Dr. Nancy Lee Harris (Pathology): May we have
the medical students’ diagnosis?
A Harvard Medical Student: The medical students
based their differential diagnosis on several features
of the case: the fact that the patient smoked,
the presence of painful lytic bone lesions, the
presence of lung lesions characterized by cystic
lucencies in the upper lobes, the multiple negative
cultures and normal laboratory-test results,
and the presence of granulomatous-appearing
features on examination of the biopsy specimen.
We thought that the diagnosis that best unified
these features was LCH and that a transbronchial
or open-lung biopsy should be performed.
Dr. Harris: Dr. Sievers, would you tell us what
you were thinking and what you did to establish
a diagnosis?
Dr. Sievers: An infectious process had been
strongly suspected, but after the negative workup
for infectious causes and the finding of features
on chest CT that the radiologists thought were
characteristic of pulmonary LCH, we favored that
diagnosis as an explanation of both his lung and
bone lesions. Before proceeding with video-assisted
thoracoscopic surgery, we asked the pathology
service to re-review the bone-biopsy specimen
with this diagnosis specifically in mind.

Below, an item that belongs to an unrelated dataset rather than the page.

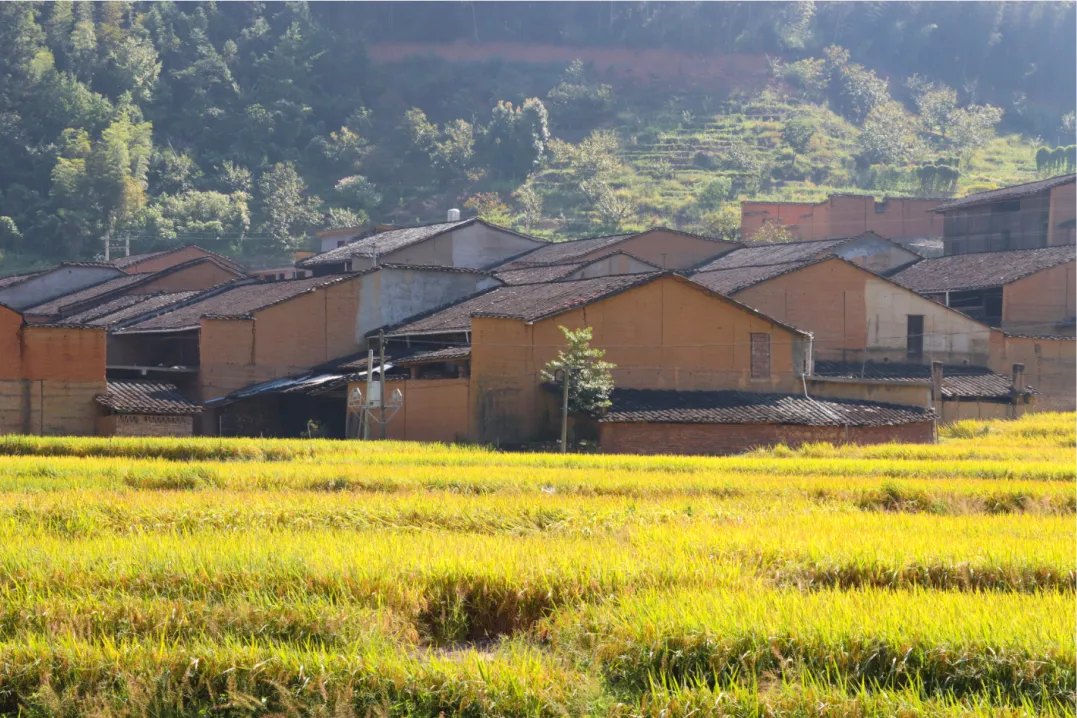 金秋时节稻浪翻涌,与翠竹相映成趣。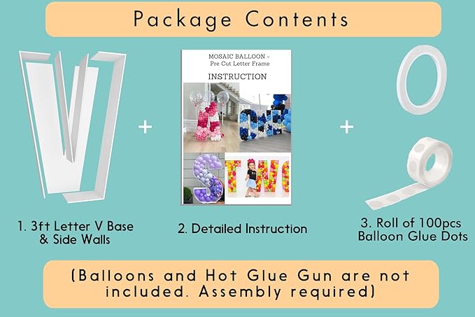 - FAST and EASY ASSEMBLY - Decorate your party like an event balloon artist! Our 3ft mosaic balloon letters are pre-cut to the perfect measurements, saving you the hassle of printing, measuring, and cutting templates yourself!

This case illustrates the difficulty of establishing
the diagnosis of a histiocytic or dendritic-cell
disorder. Histiocytes and dendritic cells are common
components of both infectious and noninfectious
inflammatory processes, and histiocytic
disorders and neoplasms may have a prominent
inflammatory background. Thus, clinical correlation
is essential, and the clinician should not
hesitate to convey clinical suspicion of any histiocytic
disorder to the pathologist.
This patient has LCH involving bone and presumably
also lung, on the basis of imaging studies
and his smoking history, suggesting multisystem
disease27 (Table 2).
このLCHを骨に持ち、そして肺にあるとも思われている患者は、イメージ研究、そして喫煙歴をもとに、マルチシステム病気27を暗示しています。